At 11 a.m. the next morning, city officials and 600 business leaders met to begin rebuilding — and to fix some of the problems that afflicted the original Pioneer Square neighborhood. Construction would involve bricks, not wood. The city took over the water supply, adding hydrants and ensuring water pipes not be made of wood (yes, some were, and they had burned). And the streets, which flooded at high tide, would be raised up to 22 feet.

Buildings were rapidly reconstructed on the ruins of their predecessors, with their doors, first floors and sidewalks built at what would eventually be street level. But until that happened, if you wanted to cross the street, you had to clamber down a ladder, cross the old street and climb another ladder to reach the sidewalk on the other side. It wasn't the Chilkoot Pass' Golden Staircase, but it was challenging.

But the sidewalks and first floors of Old Seattle still exist beneath the streets, and there are vestiges in the most unexpected places. At Gall's suggestion, we stopped in at Magic Mouse Toys, a bustling toy shop at 603 First Ave., and went downstairs. There's a room with board games. Look up and you'll see glass cubes in the ceiling, with rays of dim sunlight streaming through. You're beneath the streets.

If You Go

The Arctic Club Hotel: Rooms start in the $250 range, plus a $25 destination fee. 700 Third Ave., Seattle; www.arcticclubhotel.com.

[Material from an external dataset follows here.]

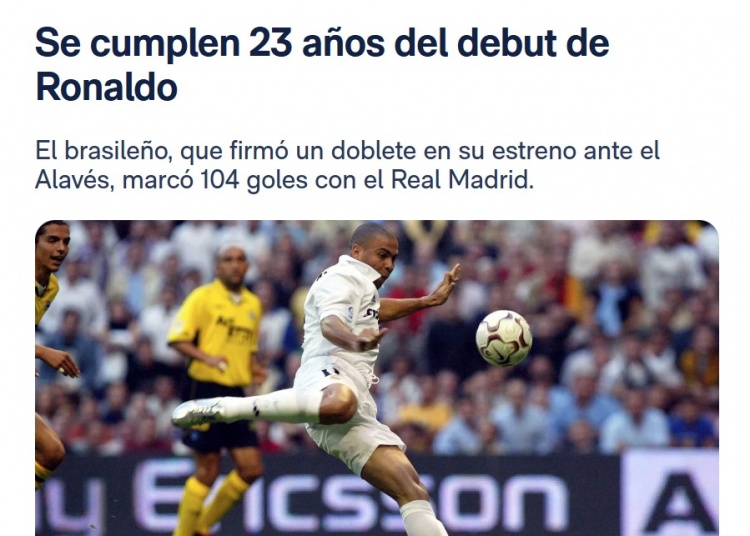 2002年10月6日,在伯纳乌对阵阿拉维斯的比赛中,罗纳尔多替补登场仅一分钟便取得进球,并最终以梅开二度的表现开启了他的皇马生涯。
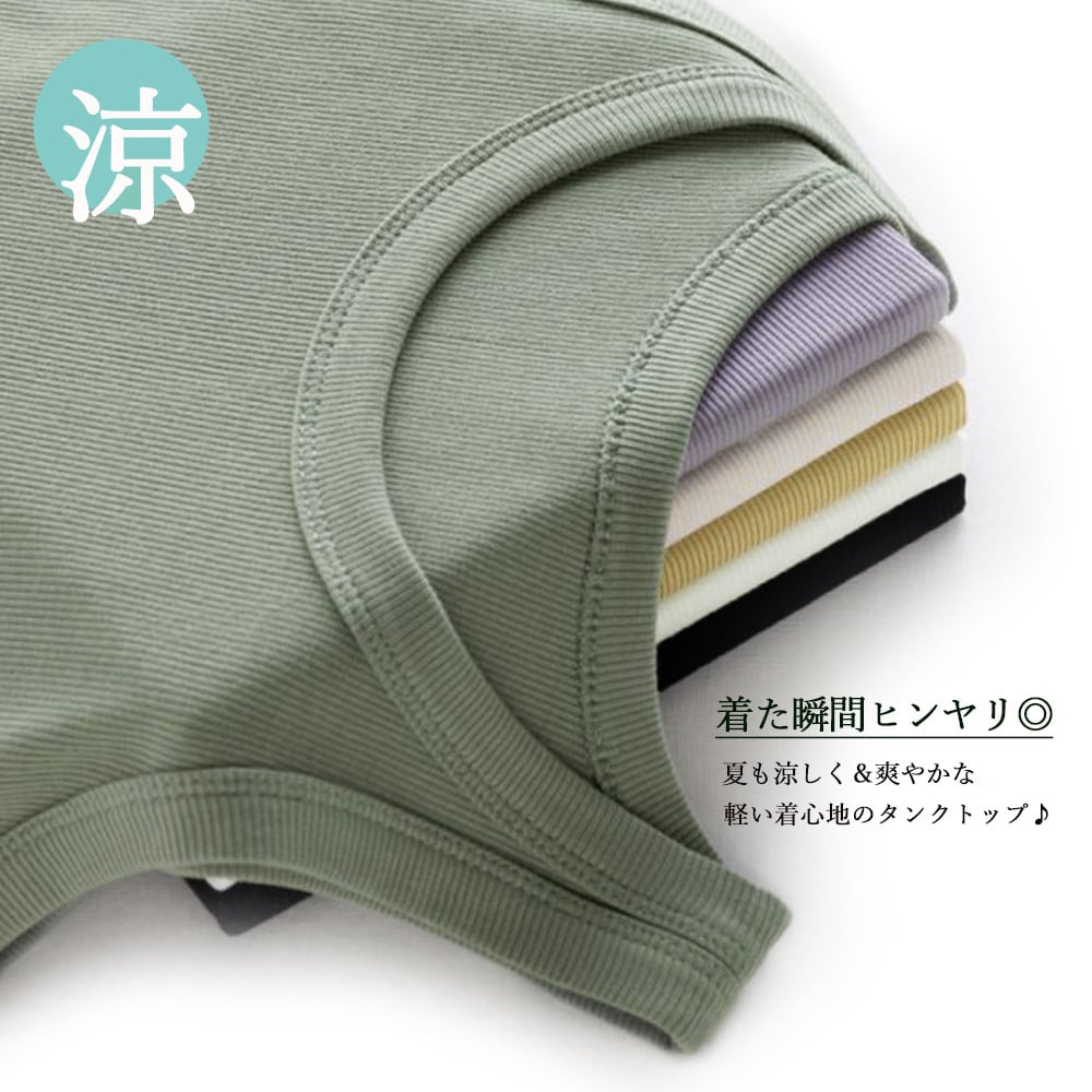 リブ編みキャミソール ストレッチ スリム 冷感タッチ キャミ Uネック ニットトップス韓国風 30代40代 肌着 お洒落

Cherry Street Coffee House: Opens at 7 a.m. weekdays and 8 p.m. on weekends at 700 First Ave.;  www.cherryst.com

Klondike Gold Rush National Historical Park:  Admission is free at the Seattle visitors center, which is open from 10 a.m. to 5 p.m. Wednesday through Sunday at 319 Second Ave. South; www.nps.gov/klse/.

Damn the Weather: Opens at 11 a.m. daily at 116 First Ave. South; https://damntheweather.com.

Beneath the Streets: Open daily for tours ($6-$29) at 102 Cherry St.; www.beneath-the-streets.com.